Bob and Virgin Birth

Louise Strait
September 30, 1999

I went to a theological discussion class at the local Presbyterian Church, being led this week by a female theology professor. We got into the discussion of the twentieth century view of truth. She said that the modern tendency is to confuse truth and fact. One member, Bob, was going on about the real truth about global warming and Darwinism. Bob is politically very conservative and a great supporter and booster of the Washington Times. He is about 70 years old, one of the "greatest generation."

There are really two Bobs, Combative Bob and Loveable Bob. Combative Bob never saw a fight he didn't like, has a loud voice, makes a fool of himself, walks out on you in a huff, etc. Loveable Bob is someone you can call on at any time for a favor, someone who still loves you while yelling at you. Altogether, he is one of the most important members of this church.

Then I steered the discussion back to the more general concept of truth. Someone observed that an awful lot of Christians take the Bible literally (or try to). We're talking very literal here. Bob said, very loudly, that was wrong, Christians couldn't be that stupid! The professor differed with him, telling him that when she was at a large urban Christian church recently who made a parenthetical reference to the questionability of the Virgin Birth and was shunned and persecuted mightily.

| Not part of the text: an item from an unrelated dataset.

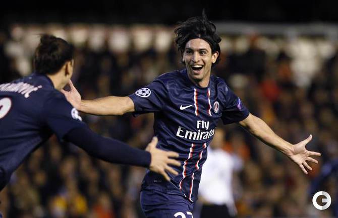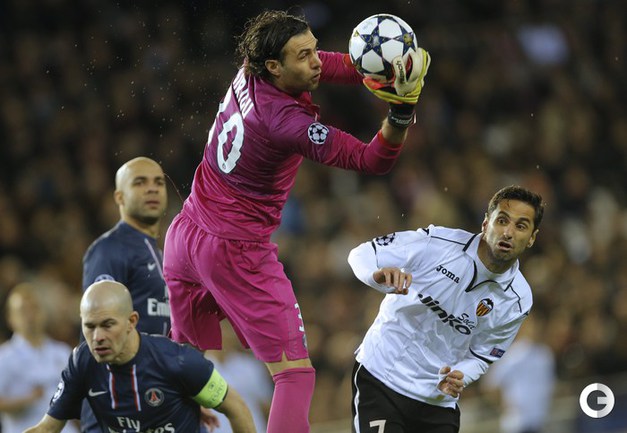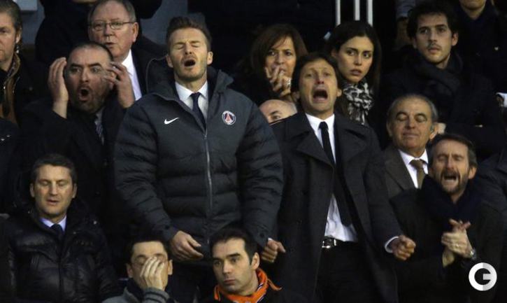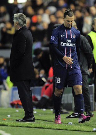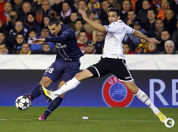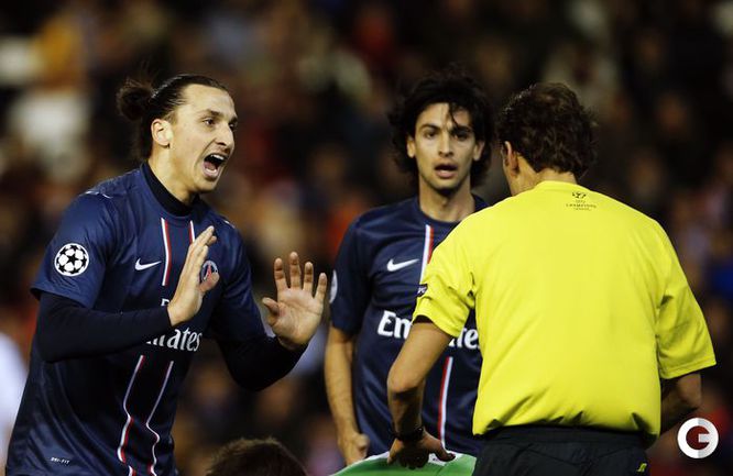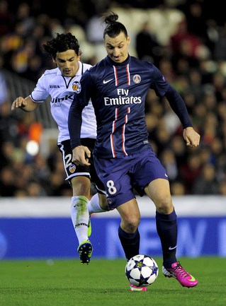 В первом матче 1/8 финала Лиги чемпионов "Валенсия" на своем поле уступила "ПСЖ" со счетом 1:2. Звездный новичок парижан Дэвид Бекхэм наблюдал за игрой с трибуны, а лидер команды Златан Ибрагимович уже в компенсированное время получил красную карточку. Фото AFP, REUTERS

Bob and I were walking out of the building together after the class. I took the opportunity and the risk to say that I also questioned the Virgin Birth. Combative Bob then blasted, "Well, then, who was his father?" Before I could answer, he went on, "It wasn't Joseph." Then I noticed that fortunately he had turned back into Loveable Bob. "I believe it was a high priest at the Temple," he said. "After all, Mary had all these relatives working there." I was about ready to say, "Oh, you mean Zechariah and Elizabeth." Then he mentioned Anna and Simeon (wrong, I think) but then someone interrupted us.

All day long I turned this over in my memory. Actually, it was quite delicious. Then it hit me how he came upon this idea. His good friend Paul (cool, methodical, his complete opposite) was telling me a long time ago that he had gone to the Times Foundation dinner where Father first gave that speech about Mary and Zechariah with In Jin translating. I was disappointed in his report because he couldn't relate to it, had a hard time with the translation, I think. Anyway, he is retired from being the publications director of the National Council of Churches, so understandably I had high hopes, which were dashed. But on Sunday I remembered that he went to that dinner -- as the guest of loyal Times supporter, Bob.

At first I was slightly disappointed that Bob hadn't come up with this idea on his own. But then I remembered squirming uncomfortably through that particular speech, given so many times around here. It is absolutely amazing that someone listening to it incorporated this idea, albeit imperfectly, into his beliefs. Bob had been so confident in presenting this to me! You just never know! He probably has Tamar figured out too, but we've worked over that story a lot in this theology class.